EXERCISE INSTRUCTIONS - If a record holds a picture, please leave the picture out and copy the rest of the record exactly.
[[ EXCERPTED RECORDS, beginning ]]
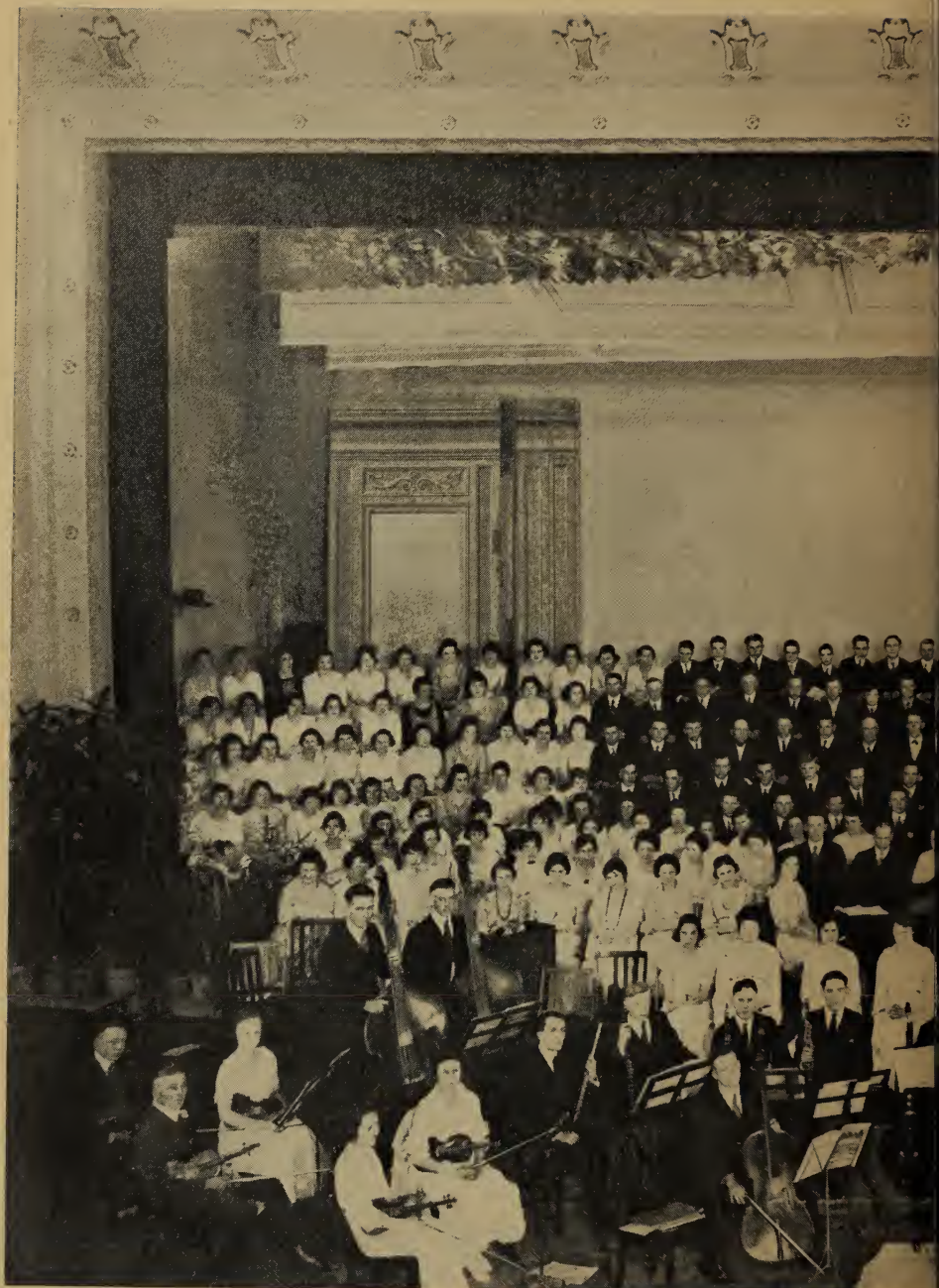
THE COLLEGE CHORAL Ready to give "Hiawatha's Wedding Feast,"
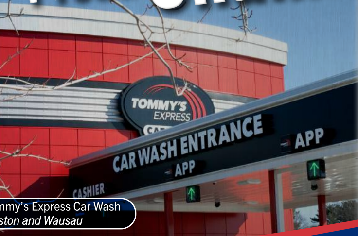
Tommy's Express Car Wash Weston and Wausau
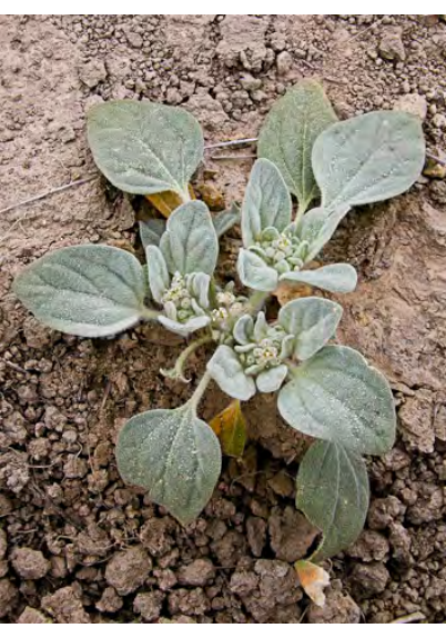
TURKEY-MULLEIN (Croton setigerus) Native Annual - Spurge Family - (May-Oct) - Dry, open, often disturbed areas - Plant < 8" tall, moundlike, covered w/long stiff hairs. Leaf blade 0.4-2" long, oval. TOXIC to livestock.
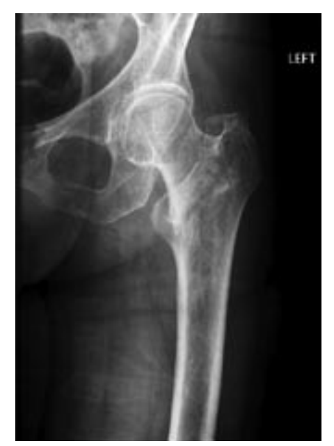
Figure 3. Displaced fracture of the left hip

family. Shoes should have low heels and nonslip soles. Unifocal lenses should be recommended for people who wear spectacles.<sup>11</sup> Use of psychotropic medications and polypharmacy are associated with falls risk.<sup>12</sup> In many cases, the risks of long term psychotropic medications may outweigh their benefits.
[[ EXCERPTED RECORDS, end ]]
SOLUTION TO THIS TASK -
THE COLLEGE CHORAL Ready to give "Hiawatha's Wedding Feast,"
Tommy's Express Car Wash Weston and Wausau
TURKEY-MULLEIN (Croton setigerus) Native Annual - Spurge Family - (May-Oct) - Dry, open, often disturbed areas - Plant < 8" tall, moundlike, covered w/long stiff hairs. Leaf blade 0.4-2" long, oval. TOXIC to livestock.
Figure 3. Displaced fracture of the left hip

family. Shoes should have low heels and nonslip soles. Unifocal lenses should be recommended for people who wear spectacles.<sup>11</sup> Use of psychotropic medications and polypharmacy are associated with falls risk.<sup>12</sup> In many cases, the risks of long term psychotropic medications may outweigh their benefits.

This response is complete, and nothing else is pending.